Boeing Starliner Grounded: Next Flight to Carry Cargo, Not Astronauts
Boeing Starliner's next flight to carry cargo only

In a significant setback for Boeing's space programme, NASA has confirmed that the company's Starliner capsule will not carry astronauts on its next journey to the International Space Station.

The decision, announced on Monday 24th November 2025, means the upcoming flight will be an uncrewed cargo mission. This trial run is designed to prove the spacecraft's safety following a litany of problems that plagued its first and only crewed mission.

From Crew to Cargo: A Safety-Driven Decision

The announcement comes eight months after NASA test pilots Butch Wilmore and Suni Williams returned to Earth. Their 2024 mission was intended to be a routine flight, but it turned into a prolonged ordeal.

Although Wilmore and Williams successfully docked the Starliner capsule with the International Space Station, the vehicle experienced so many technical issues that NASA ordered it to return to Earth empty. This left the two astronauts stranded aboard the station for more than nine months before they eventually returned aboard a SpaceX capsule.

Since that troubled flight, engineers from both Boeing and NASA have been meticulously analysing the root causes of the failures, with a particular focus on the spacecraft's thruster systems.

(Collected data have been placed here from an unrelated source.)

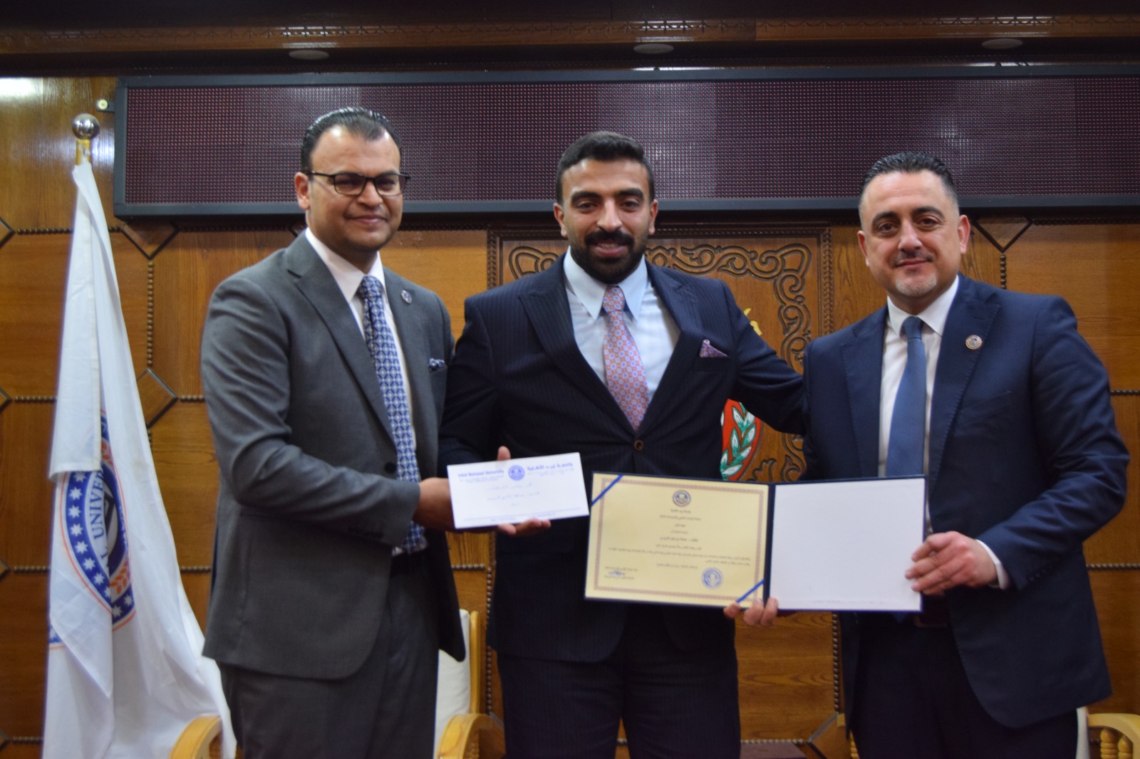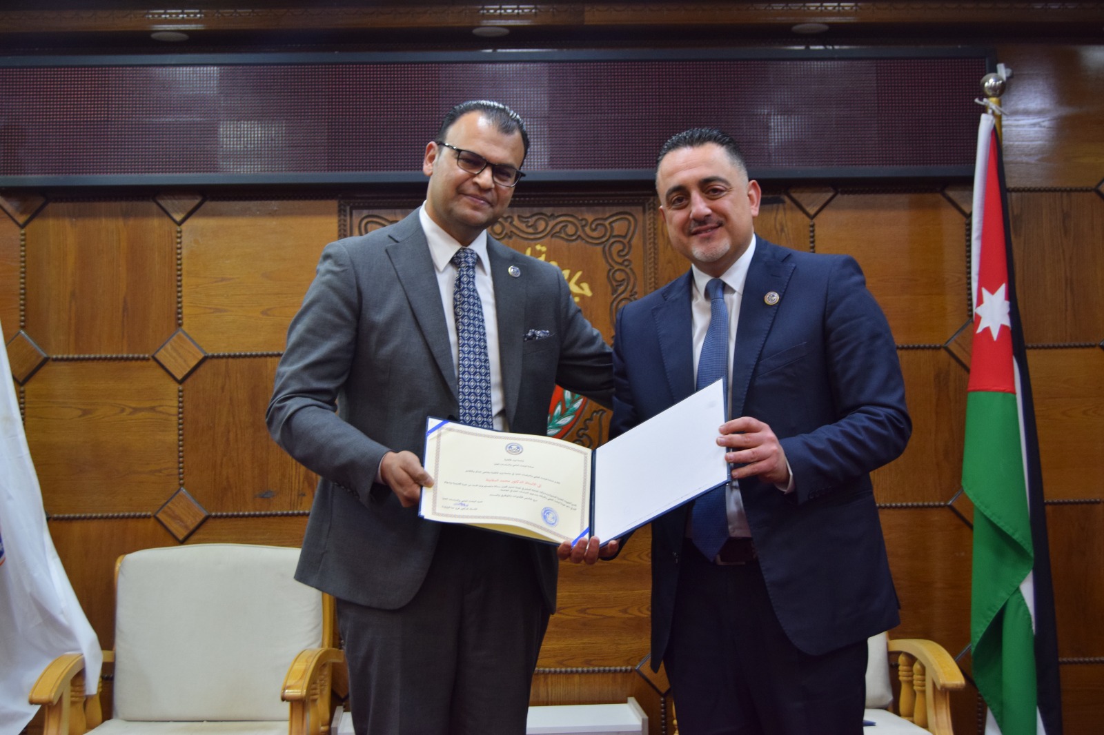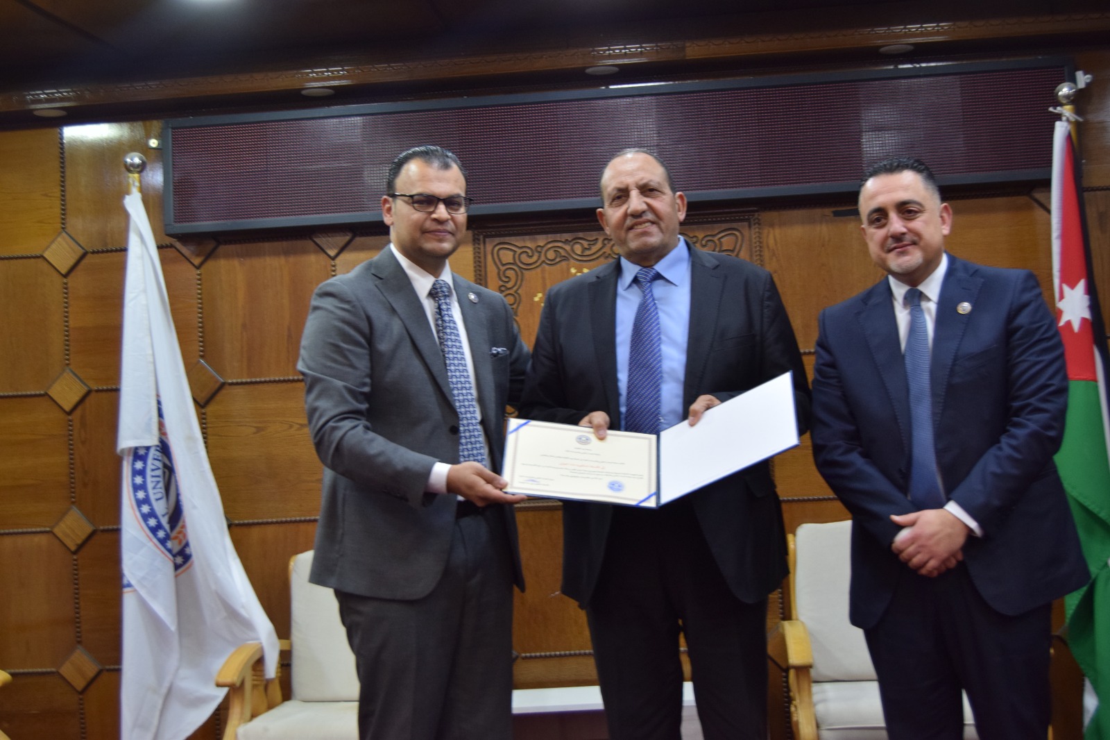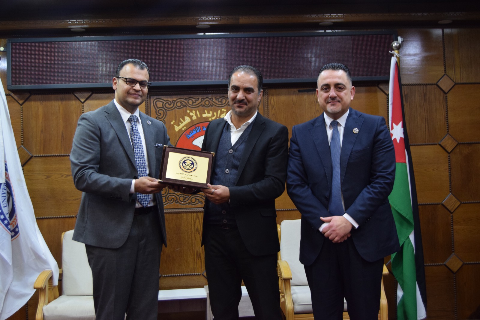ويُشار إلى أن الحفل استُهل بالسلام الملكي، ثم تلاوة عطرة من آيات الذكر الحكيم قدّمها الطالب أحمد المعلا، كما شهد عرضًا موجزًا لأهم النتائج والتوصيات التي توصلت إليها الرسائل الفائزة، ما أضفى على المناسبة بُعدًا علميًا وتفاعليًا، تلاه حوار أكاديمي بين الطلبة وأعضاء الهيئة التدريسية حول مستقبل البحث العلمي وآفاق تطوير برامج الدراسات العليا في الجامعة.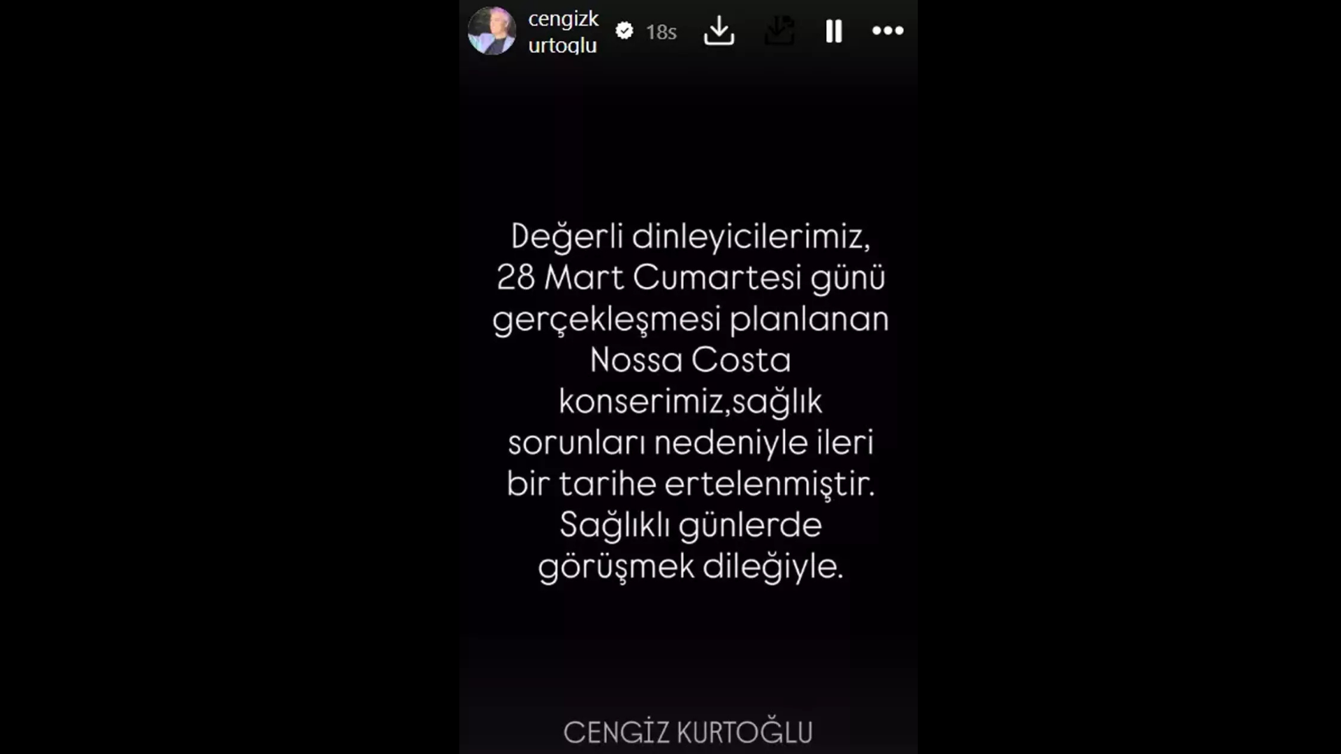Sanatçı paylaşımında, "Değerli dinleyicilerimiz, 28 Mart Cumartesi günü gerçekleşmesi planlanan konserimiz sağlık sorunları nedeniyle ileri bir tarihe ertelenmiştir." ifadelerini kullandı.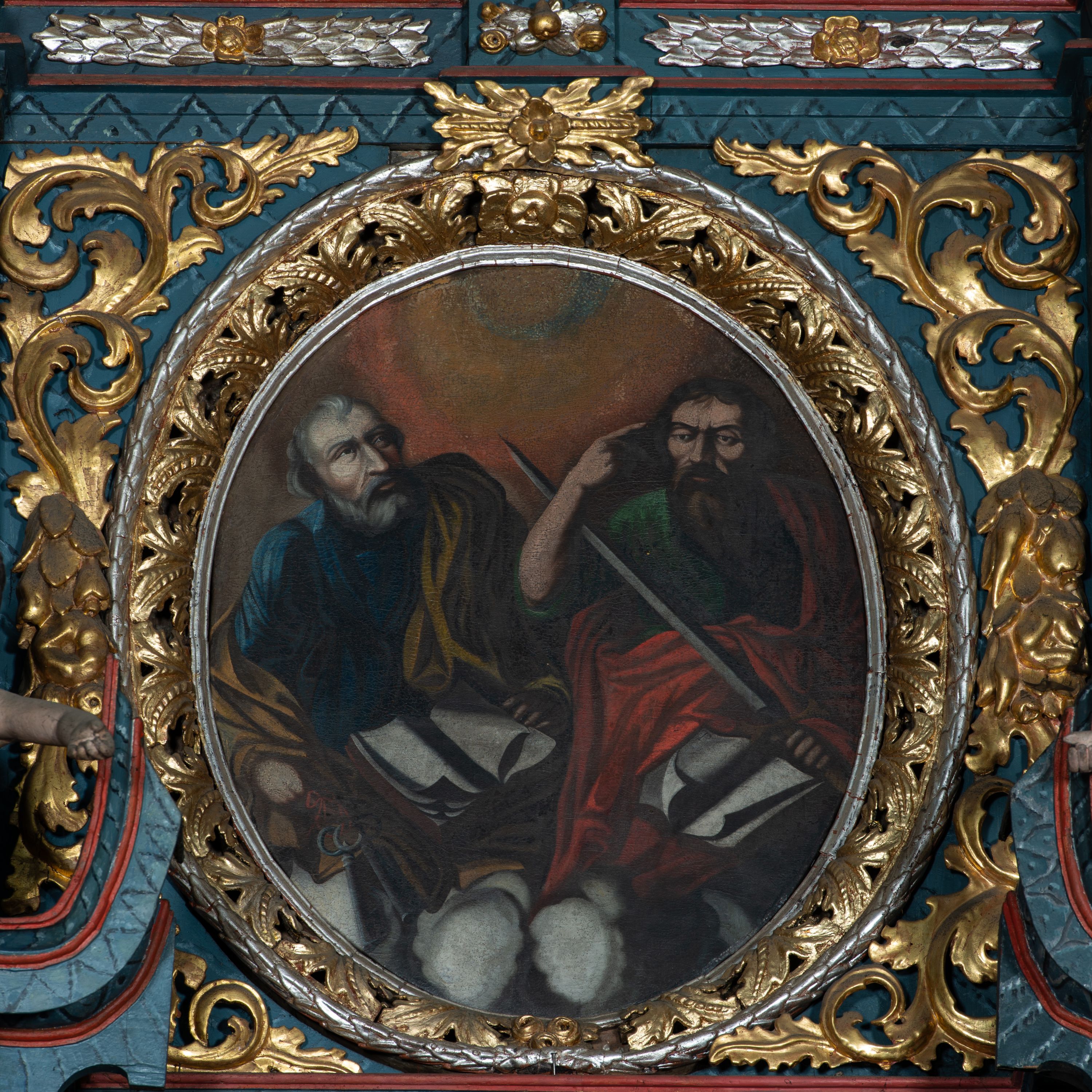 Obraz w formie owalu, w centrum dwie półpostacie świętych na obłokach. Po prawej św. Paweł, zwrócony w trzech czwartych w prawo. W lewej ręce trzyma miecz zwrócony ku górze, prawą unosi, wskazując głowę. Twarz ascetyczna, o ściągniętych brwiach, okolona długą brodą opadającą na pierś. Włosy krótkie, ciemne. Święty jest ubrany w zieloną tunikę oraz przerzucony diagonalnie czerwony płaszcz. Na jego kolanach księga. Po lewej stronie św. Piotr zwrócony w trzech czwartych w lewą stronę, z głową uniesioną ku górze. W prawej ręce trzyma klucze, lewą przytrzymuje leżącą przed nim księgę. Twarz podłużna o starczych rysach, okolona siwą brodą; włosy krótkie, siwe. Ubrany jest w granatową tunikę oraz żółty płaszcz przerzucony przez lewe ramię. Tło w formie poświaty w układzie koncentrycznych kręgów. Kolorystyka kontrastowa, intensywna, o silnym światłocieniu.

A Reduced Future for the Starliner Programme

The repercussions of these technical woes extend beyond the immediate next flight. NASA is also substantially scaling back its plans for the Starliner spacecraft.

The space agency is slashing the total number of planned Starliner flights from six to just four. If the crucial cargo demonstration mission, scheduled for no earlier than April, is successful, the remaining three flights will be dedicated to crew exchanges.

This condensed schedule puts pressure on the programme to demonstrate reliability before the International Space Station is decommissioned in 2030. This decision underscores the heightened scrutiny and caution now surrounding the Starliner project as it works to regain NASA's full confidence.